The sub frame brace under the car

This sub-frame brace contacts the chassis in ten locations for improved stiffness

An example of a strut tower brace

Strut tower braces come in a wide variety of bar materials and include two, three and sometimes four points of contact with the chassis.

 

 

 

 

 

 

 

 

 

 

 

 

Last, but not least, a properly designed bolt-in roll bar or roll cage can also increase chassis rigidity. However, most serious performance enthusiasts view bolt-in roll cages as they do two-inch harnesses. Both are half-ass solutions. If you are going to live with the inconvenience to entry and egress that a roll bar or cage exhibits, simply get a custom weld-in cage that fits your vehicle and the type of motorsport that you enjoy.

Full-Race Recommendations

There are no serious race vehicles without a weld-in roll cage.

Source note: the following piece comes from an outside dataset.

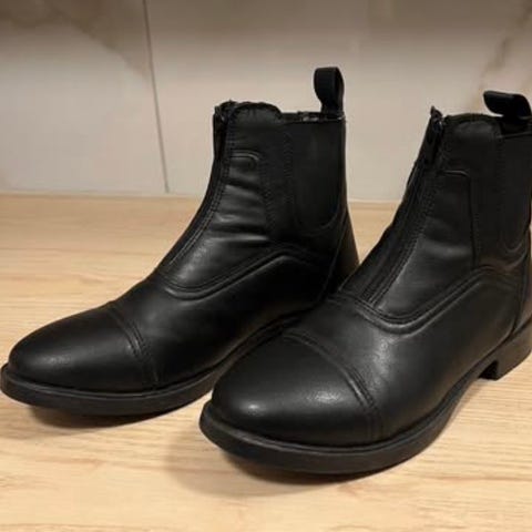 Ridskor i syntetläder, strl 38. Fint skick. Finns i Fruängen, endast avhämtning. Har swish.
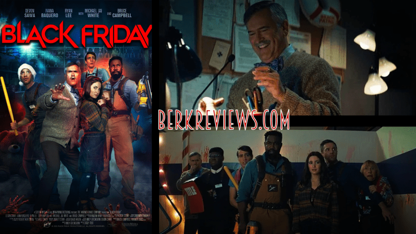 There is something to the magic of a Holiday movie mixed with horror. Maybe it’s the crossing of tones – that a character faced with near-death finds value in the family dynamic that is clearly dysfunctional. Or, maybe putting Bruce Campbell in a big box store fighting horrific monsters just works for cinematic enjoyment. Whatever the cause, Black Friday (2021), directed by Casey Tebo, will easily fit into your Thanksgiving Day movie watchlist, so long as B-Horror works for you.

Properly designed to meet the specifications provided by the sanctioning body of the motorsport, a weld-in full cage will significantly increase chassis rigidity while also providing additional driver safety in the event of a roll over or crash. If you are building a racecar from the ground up, you may also want to consider stitch welding or riveting the entire unibody structure. Stitch welding or riveting the overlapping seams of metal will increase the overall rigidity of the chassis without adding any additional weight.

Race example of a welded rear strut

Here is a weld-in rear strut-tower brace that includes two additional bars that tie in the rear corners of the body, unifying the panels that compose the trunk compartment. The rear kickers of the cage also join at the rear shock towers

The Bottom Line

The more rigid the chassis, the quicker it will be on the track or at the strip. In addition, improving chassis rigidity will make for a vehicle that will be easier to control as the suspension is able to do its job with maximum efficiency and predictability. From first-hand experience, we’ve witnessed the improvements with everything from a simple set of front and rear strut tower braces to a weld-in roll cage. A vehicle with improved chassis rigidity simply becomes more enjoyable to drive as it responds better to driver input while requiring less driving effort. Of course, one must consider an ultimate limit to chassis rigidity. Can a chassis be tweaked to be too rigid? Probably not. Chances are that none of the recommendations provided in Chassis 101 would take it too far, so plan your strategy accordingly. Remember that the chassis is the backbone of the vehicle that provides the foundation for every other system on the vehicle. While aftermarket performance braces don’t show a performance improvement that’s easily verified on a dyno, they can often be felt in normal street driving or verified on a timed road course.

An example of a rear strut

Some rear strut-tower braces contact the chassis at three points and feature spherical bearing rod ends. This design enables the tuner to preload the brace to minimize deflection when the chassis is subjected to cornering loads.

Making it Stiff Checklist

1. Start with the newest generation of the vehicle that your budget will allow. For example, a 370Z would be a superior foundation to a 350Z, based on chassis rigidity.
2. Consider aftermarket strut tower braces for any vehicle not equipped with OEM strut tower braces or vehicles equipped with factory strut braces that flex.
3. Use bolt-on chassis bracing that reinforces suspension or subframe attachment points for largest increases in chassis rigidity.
4. When comparing braces of similar construction, triangulated designs will deliver improved rigidity.
5. Avoid bolt-in roll bars and roll cages. When it’s time to step it up, spend the money on a custom weld-in roll cage that meets the sanctioning body requirements for the vehicle.
6. Don’t be one-sided. Improve chassis rigidity at both the front and rear of the vehicle to avoid a squirmy chassis.
7. A stitch saves time. If you are building a vehicle from the bare shell, consider stitch welding or riveting the entire unibody structure wherever the sheet metal overlaps.